#### Information shown
━━━━
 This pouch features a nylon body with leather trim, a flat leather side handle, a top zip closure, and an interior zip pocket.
━━━━
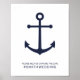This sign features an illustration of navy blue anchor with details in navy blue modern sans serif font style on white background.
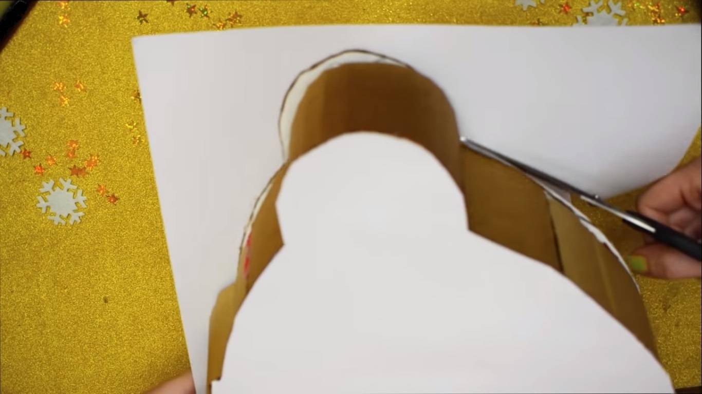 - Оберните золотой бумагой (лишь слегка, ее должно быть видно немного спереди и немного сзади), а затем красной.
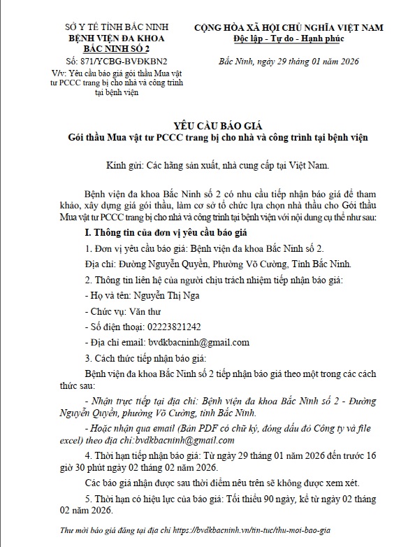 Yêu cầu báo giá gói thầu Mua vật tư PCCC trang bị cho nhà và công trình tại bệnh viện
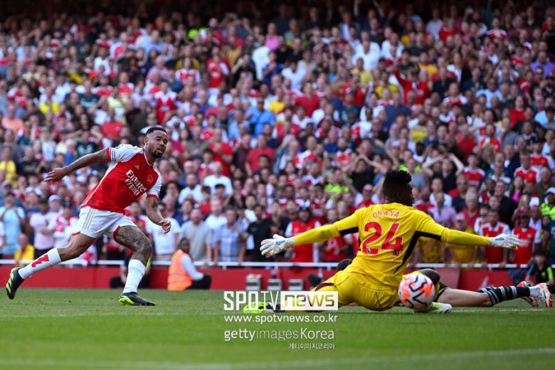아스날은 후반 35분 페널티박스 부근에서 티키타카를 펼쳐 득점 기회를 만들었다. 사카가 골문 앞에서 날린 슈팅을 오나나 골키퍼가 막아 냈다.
━━━━
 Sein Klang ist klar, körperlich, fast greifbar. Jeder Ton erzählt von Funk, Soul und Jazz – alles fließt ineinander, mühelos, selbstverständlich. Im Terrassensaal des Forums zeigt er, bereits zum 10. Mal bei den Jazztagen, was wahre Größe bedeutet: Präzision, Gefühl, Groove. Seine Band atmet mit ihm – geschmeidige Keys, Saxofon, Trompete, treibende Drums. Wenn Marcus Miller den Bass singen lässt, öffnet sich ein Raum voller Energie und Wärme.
━━━━
#### Brief
Give again the stretch of the entries above that begins at the line with "Yêu cầu báo" and ends at the line with "아스날은 후반 35분", word for word, with no pictures.

#### Answer below
 Yêu cầu báo giá gói thầu Mua vật tư PCCC trang bị cho nhà và công trình tại bệnh viện
아스날은 후반 35분 페널티박스 부근에서 티키타카를 펼쳐 득점 기회를 만들었다. 사카가 골문 앞에서 날린 슈팅을 오나나 골키퍼가 막아 냈다.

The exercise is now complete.